My long-term research goal is to understand which processes are responsible for observed variations of Earth’s atmospheric chemical composition. The chemical composition of the atmosphere directly impacts Earth’s radiative balance and consequently surface warming. It also defines the oxidation capacity of the global troposphere that determines the quality of air where we live and breathe.

I approach this goal mainly from a computational approach by developing novel mathematical models to reconcile new satellite observations with current knowledge. But over the last decade I have also led the development of field experiments using research aircraft and ground-based instruments, and have designed science requirements for new aircraft and satellite instruments.

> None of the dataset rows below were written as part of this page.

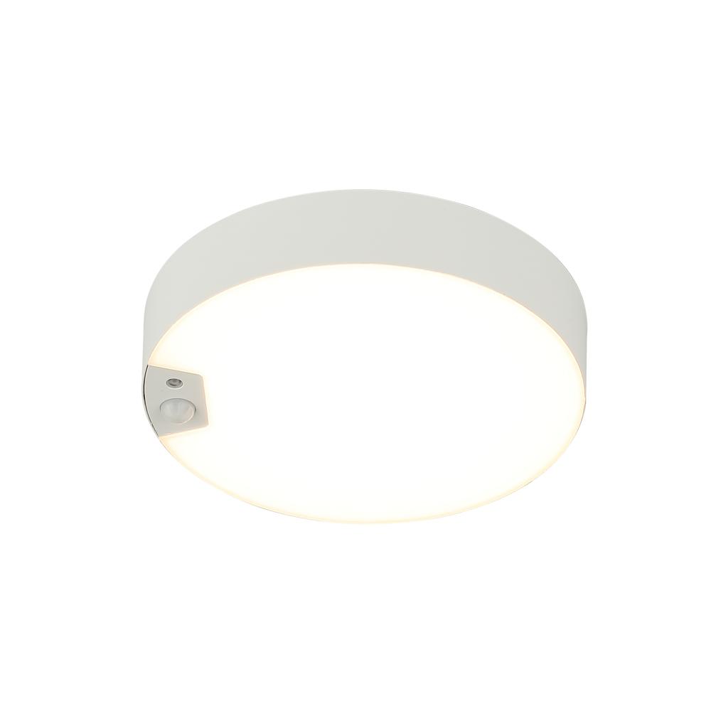 PIR Motion Sensor - Dimmable - 6.25" diameter - LED Wall or Ceiling Fixture in White Finish with White Acrylic Lens - Field Selectable 27K-30K-35K-40K-50K, Triac Dimming.
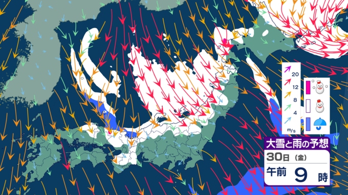 気象庁が発表する最新の「短期予報解説資料」の情報によりますと、発達する低気圧などのほか、強烈な寒気が東日本にまで南下することで、29日は北日本~西日本の日本海側を中心に広く降雪が強まる見込みで、大雪に注意・警戒が必要だということです。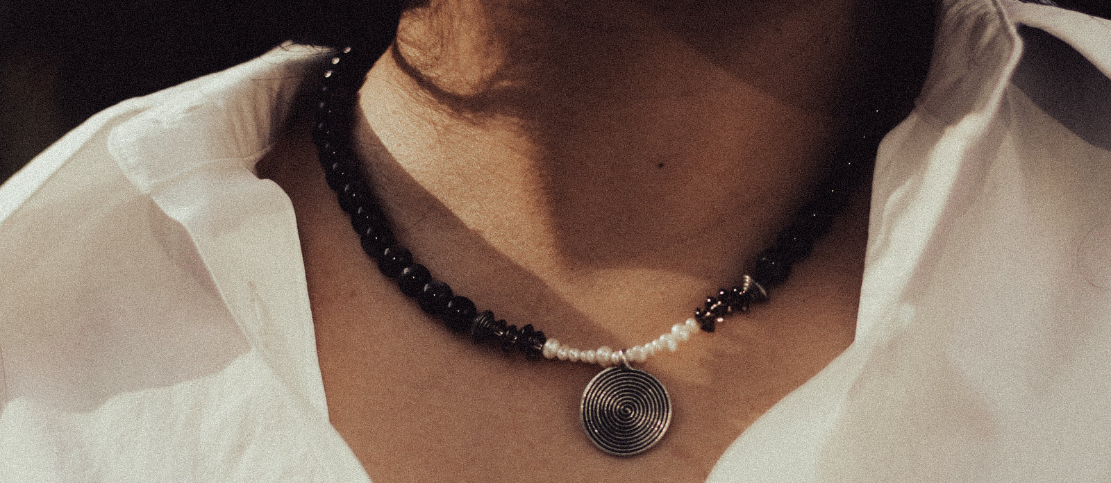Silver Sheen Obsidian and Smoky Quartz Necklace with Silver Spiral Pendant-st-0020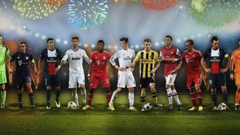 مانويل نوير، فيليب لام (بايرن ميونخ) وتياغو سيلفا (باريس سان جيرمان) وسيرخيو راموس (ريال مدريد) وديفيد آلابا (بايرن ميونخ)، غاريث بايل (ريال مدريد) وماركو رويس (بوروسيا دورتموند) ومسعود أوزيل (آرسنال) وفرانك ريبيري (بايرن ميونخ)، زلاتان إبراهيموفيتش (باريس سان جيرمان) وكريستيانو رونالدو (ريال مدريد).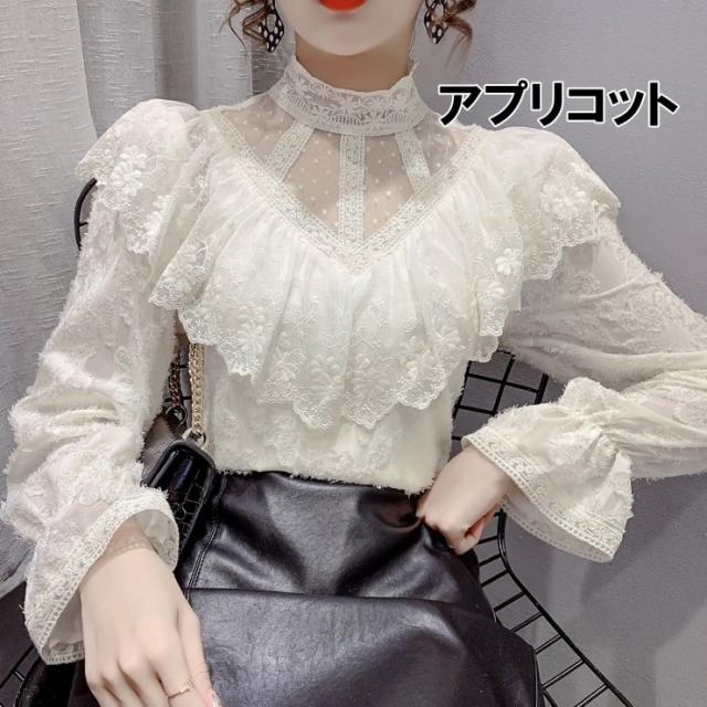トップス ブラウス レディース カットソー 袖あり 長袖 ハイネック 総レース ベルスリーブ 切り替え 花柄 シアー シースルー 透け感 かわいい 大人可愛い シンプル カジュアル 大人

My current research questions include:

  • How do observed variations of atmospheric CO2 and CH4 respond to changes in climate?
  • What is the importance of different terrestrial processes in driving these atmospheric variations?
  • How can we distinguish between natural and anthropogenic drivers of the observed variations? 
  • What drives observed changes in tropospheric chemistry and how do these affect surface air quality?
  • How can we describe human behaviour in climate models? 

The methods I have developed to study Earth's atmosphere are also relevant to other planetary atmospheres. Through various collaborations I have begun to study the atmospheric chemical composition of Mars and Proxima Centauri b, and to interpret observed variations of brown dwarf light curves in terms of atmospheric features.